▸ Recorded information

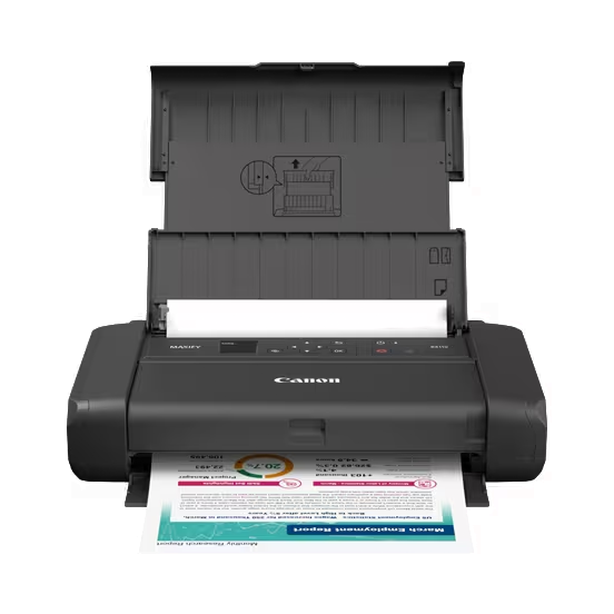 Canon Pilli MAXIFY BX110, mobil çalışan profesyoneller ve sahada baskı ihtiyacı olan kullanıcılar için geliştirilmiş, dahili şarj edilebilir pile sahip taşınabilir bir inkjet yazıcıdır. USB Type-C bağlantısı üzerinden araçta, ofiste veya evde kolayca şarj edilebilir. Kompakt yapısı, kablosuz bağlantı seçenekleri ve Canon’un gelişmiş baskı teknolojileri sayesinde her ortamda yüksek kaliteli ve güvenilir baskı sunar.
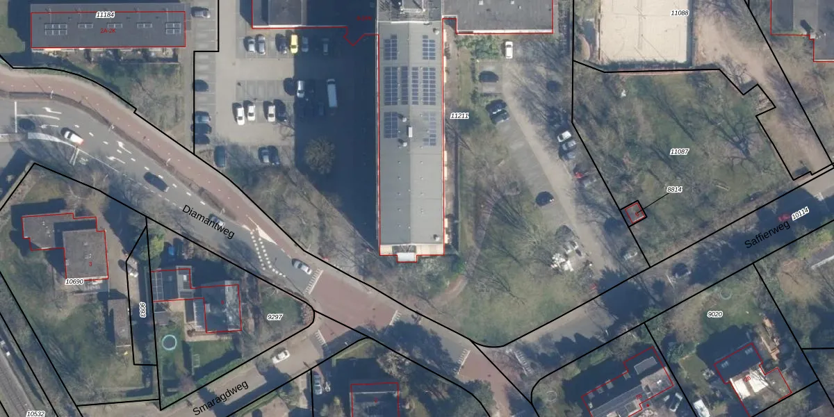 Het perceel waarop Diamantweg 24-F staat heeft een oppervlakte van 8370 m². Dit is een zeer groot perceel. De perceeloppervlakte wordt geregistreerd door het Kadaster. Gedetailleerde informatie over de maten van dit perceel kunt u vinden in het rapport Kadastrale kaart met maatvoering van Diamantweg 24-F.
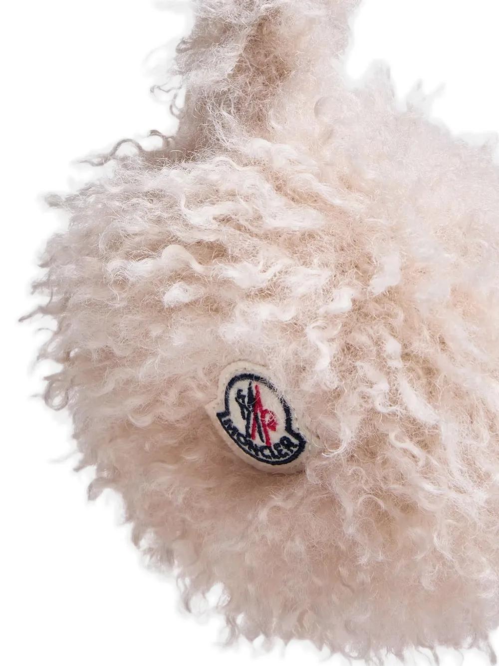 off-white curly fur logo patch headband design ear covering fluffy texture

▸ Task description
Reproduce the data word for word without its images.

▸ Response to the task
 Canon Pilli MAXIFY BX110, mobil çalışan profesyoneller ve sahada baskı ihtiyacı olan kullanıcılar için geliştirilmiş, dahili şarj edilebilir pile sahip taşınabilir bir inkjet yazıcıdır. USB Type-C bağlantısı üzerinden araçta, ofiste veya evde kolayca şarj edilebilir. Kompakt yapısı, kablosuz bağlantı seçenekleri ve Canon’un gelişmiş baskı teknolojileri sayesinde her ortamda yüksek kaliteli ve güvenilir baskı sunar.
 Het perceel waarop Diamantweg 24-F staat heeft een oppervlakte van 8370 m². Dit is een zeer groot perceel. De perceeloppervlakte wordt geregistreerd door het Kadaster. Gedetailleerde informatie over de maten van dit perceel kunt u vinden in het rapport Kadastrale kaart met maatvoering van Diamantweg 24-F.
 off-white curly fur logo patch headband design ear covering fluffy texture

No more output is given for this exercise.